» Exercise aim
Leaving out all pictures, transcribe the lines below exactly, from the first through the line containing "- Puedes compartir".
........
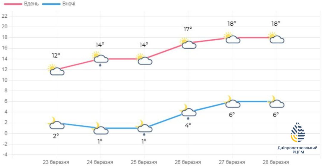 Весна набирает обороты: прогноз погоды на неделю по Днепропетровщине
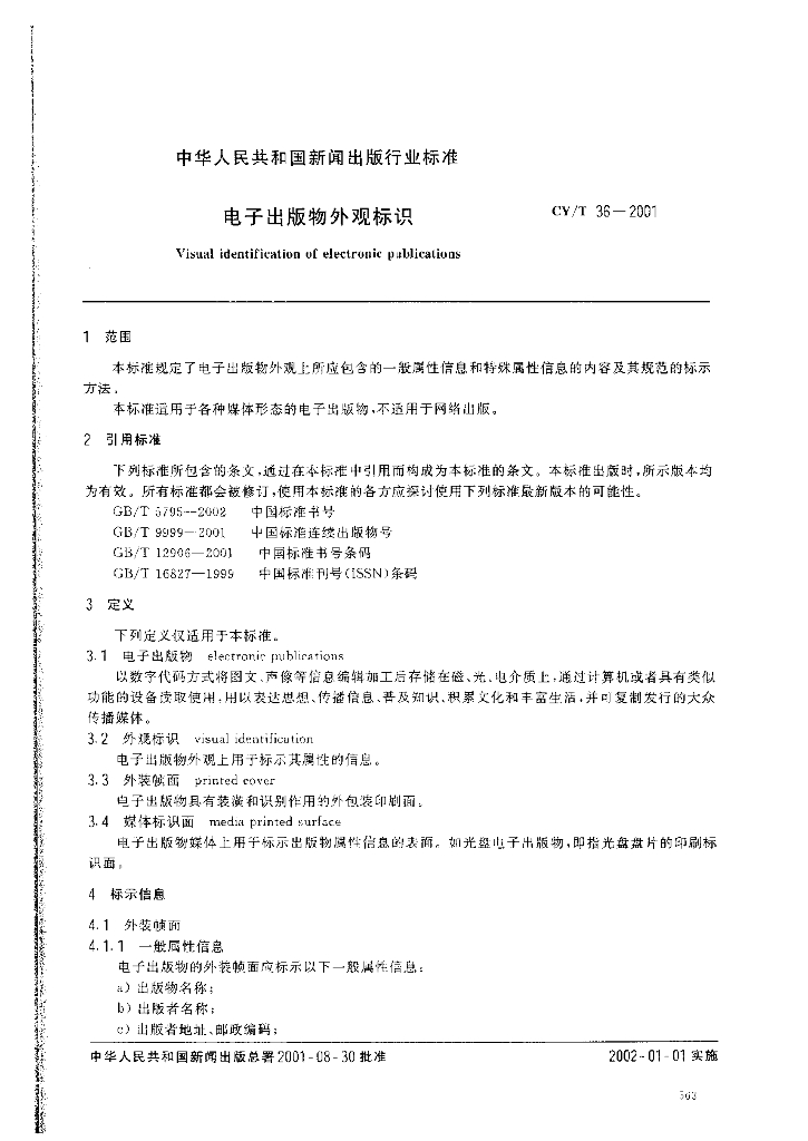 CY/T 36-2001 电子出版物外观标识
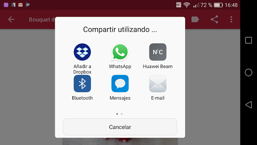 - Puedes compartir las imagenes por el medio que tengas instalado, facebook, whatsapp, email, etc.
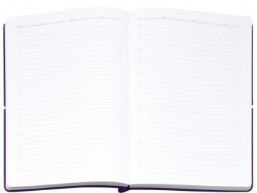 Ежедневник с гибкой обложкой выполнена из материала Nice Touch, фиолетовый и Latte, фиолетовыйl (внутренняя часть обложки), дополнен горизонтальной резинкой в цвет обложки. Внутри корешка — специальное место для крепления ручки размером до 15х1 см.
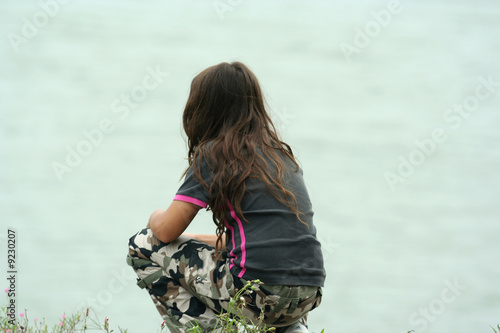 "Jeune fille seule de dos au bord de la mer" photo libre de coloriage fille seule au parc
........
» Response for this exercise
 Весна набирает обороты: прогноз погоды на неделю по Днепропетровщине
 CY/T 36-2001 电子出版物外观标识
 - Puedes compartir las imagenes por el medio que tengas instalado, facebook, whatsapp, email, etc.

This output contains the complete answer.